• What is required:
Copy the lines of the data below exactly, starting at the first and stopping after the line that contains "- A pocket for"; include no pictures.

• Provided records:
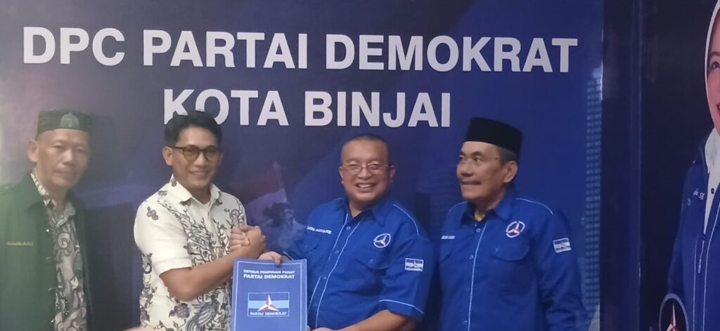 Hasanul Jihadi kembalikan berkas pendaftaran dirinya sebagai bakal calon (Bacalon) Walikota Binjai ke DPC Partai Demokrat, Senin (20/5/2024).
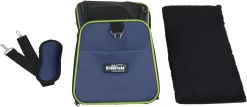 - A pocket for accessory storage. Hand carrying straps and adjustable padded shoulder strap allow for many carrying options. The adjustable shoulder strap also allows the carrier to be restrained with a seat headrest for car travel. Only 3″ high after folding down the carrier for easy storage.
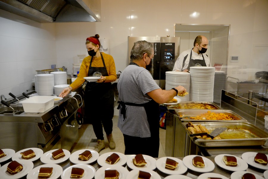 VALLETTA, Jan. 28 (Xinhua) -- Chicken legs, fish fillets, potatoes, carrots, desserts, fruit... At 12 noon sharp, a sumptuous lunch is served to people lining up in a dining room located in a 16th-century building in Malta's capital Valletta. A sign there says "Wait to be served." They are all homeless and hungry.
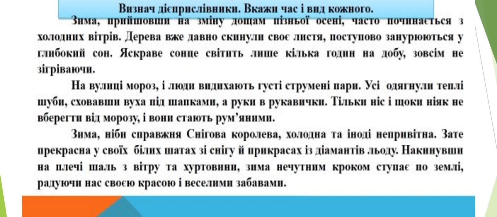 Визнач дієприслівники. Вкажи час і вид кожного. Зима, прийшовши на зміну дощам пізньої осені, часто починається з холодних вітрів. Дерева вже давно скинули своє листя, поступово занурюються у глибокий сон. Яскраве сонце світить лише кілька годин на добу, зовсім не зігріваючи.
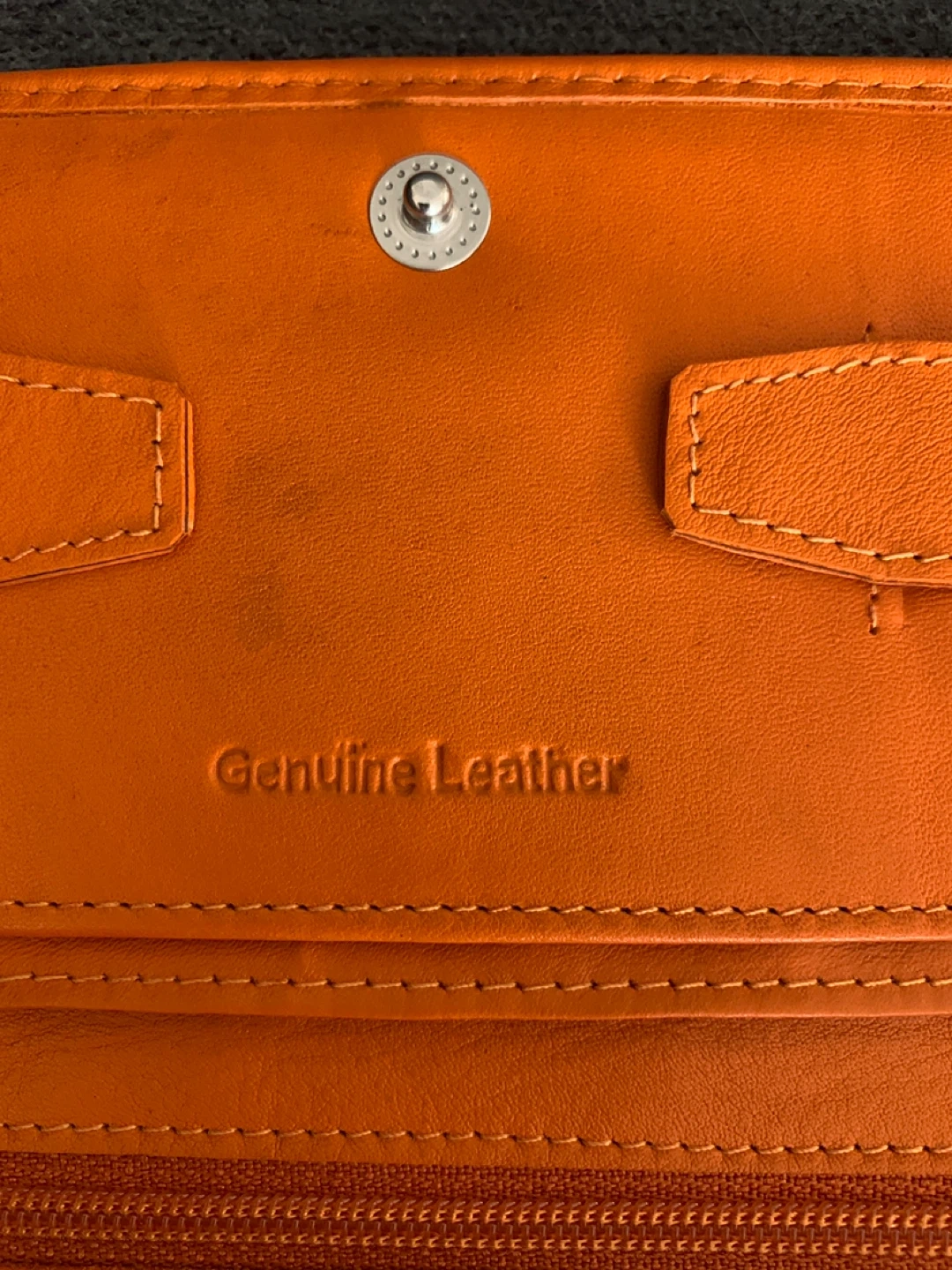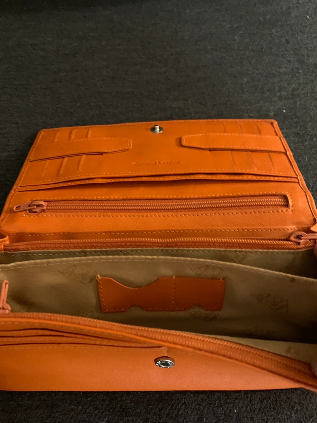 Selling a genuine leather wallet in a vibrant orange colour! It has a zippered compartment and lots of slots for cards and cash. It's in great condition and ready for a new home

• Exercise response:
 Hasanul Jihadi kembalikan berkas pendaftaran dirinya sebagai bakal calon (Bacalon) Walikota Binjai ke DPC Partai Demokrat, Senin (20/5/2024).
 - A pocket for accessory storage. Hand carrying straps and adjustable padded shoulder strap allow for many carrying options. The adjustable shoulder strap also allows the carrier to be restrained with a seat headrest for car travel. Only 3″ high after folding down the carrier for easy storage.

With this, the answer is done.